Now I can start looking at the word oldie and what many dictionaries quote it as meaning (_Informal_ an old song, film, or person), but I'm pretty sure I grasped what pyan was getting at when he asked his question:




pyan said:


> Anyone else have a favourite game that they just keep coming back to?
> 
> Anyone else have an old-time favourite?


 
As Gal Civ II was released around the beginning of 2007, I would pretty much say it's not one of the current game releases. Granted, it's no Space Invaders or Pac-Man, but neither are your choices. 
It is also a game that I have finished and gone back to 2 or 3 times. So please, let me choose what I have decided is one of my 'golden oldies' and you can stick to yours.


----------



## Pyan (Apr 17, 2009)

Now now...it's intended to be a fun, nostalgic thread. No need for criticism of anyone else's choice, and no need for any over-reaction to criticism...


I'd forgotten about some of my past favourites on the Spectrum and the Megadrive - I'd have to add in *Sonic the Hedgehog,* and *Jet-Set Willy*, both of which I have via emulator, and still play occasionally...


----------



## Saeltari (Apr 17, 2009)

Sid Meier's Pirates! I just recently tried steam and that was one of the ones I picked up there... I was hooked. Simple, but great fun!


----------



## Shadow Trooper (Apr 17, 2009)

pyan said:


> Now now...it's intended to be a fun, nostalgic thread. No need for criticism of anyone else's choice, and no need for any over-reaction to criticism...
> 
> 
> I'd forgotten about some of my past favourites on the Spectrum and the Megadrive - I'd have to add in *Sonic the Hedgehog,* and *Jet-Set Willy*, both of which I have via emulator, and still play occasionally...


 

Pyan,

Now now.....I entered my choice as fun. Had I intended to receive criticism I would have gone to the critique section.

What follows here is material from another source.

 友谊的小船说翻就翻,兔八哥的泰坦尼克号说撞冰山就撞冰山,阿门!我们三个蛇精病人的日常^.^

I may be mis-reading MTFs intention for his comments (a judgement made by past threads) and if so am wrong.

Will stop now.


----------



## Shadow Trooper (Apr 18, 2009)

Ok, another day another me. 
Before I start sounding Schizophrenic, I wish to apologize publicly for comments made publicly. I won’t go into the *many* reasons as to why it happened but all I intended was to log onto the Chrons and enjoy a few posts.
I think it didn’t help that one of my first posts was to lovecraftian who had taken some criticism to heart. After a reply post I then went to the ’Oldies but goodies’ post and found that MTF had decided to pass comment on a post regarding my choices.

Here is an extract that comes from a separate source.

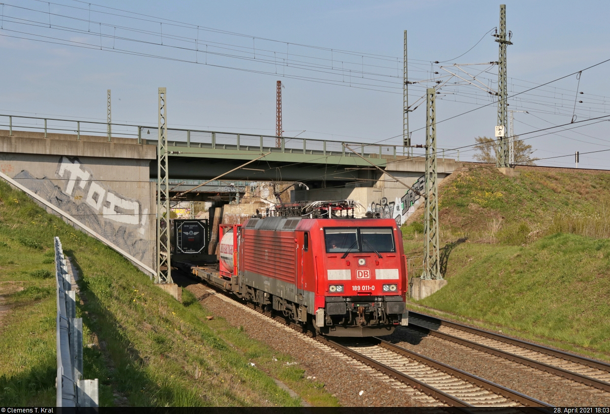 Containerzug mit 189 011-0 (Siemens ES64F4) unterwegs in Halle (Saale), Birkhahnweg, in südlicher Richtung.

The silly thing is had MTF said ‘in my opinion’, I don’t think I would have got so annoyed and I believe I read into it far more than was meant due to previous posts. Stupid!
Pyan, you were doing your job as a moderator (and probably, just as someone who didn’t want to see things get out of hand). I apologize to you, as creator of the thread and to the Chrons for ‘botching’ the thread; unacceptable.
I have sent an apology to MTF.


----------



## Pyan (Apr 18, 2009)

Don't worry about it, ST - water under the bridge...


----------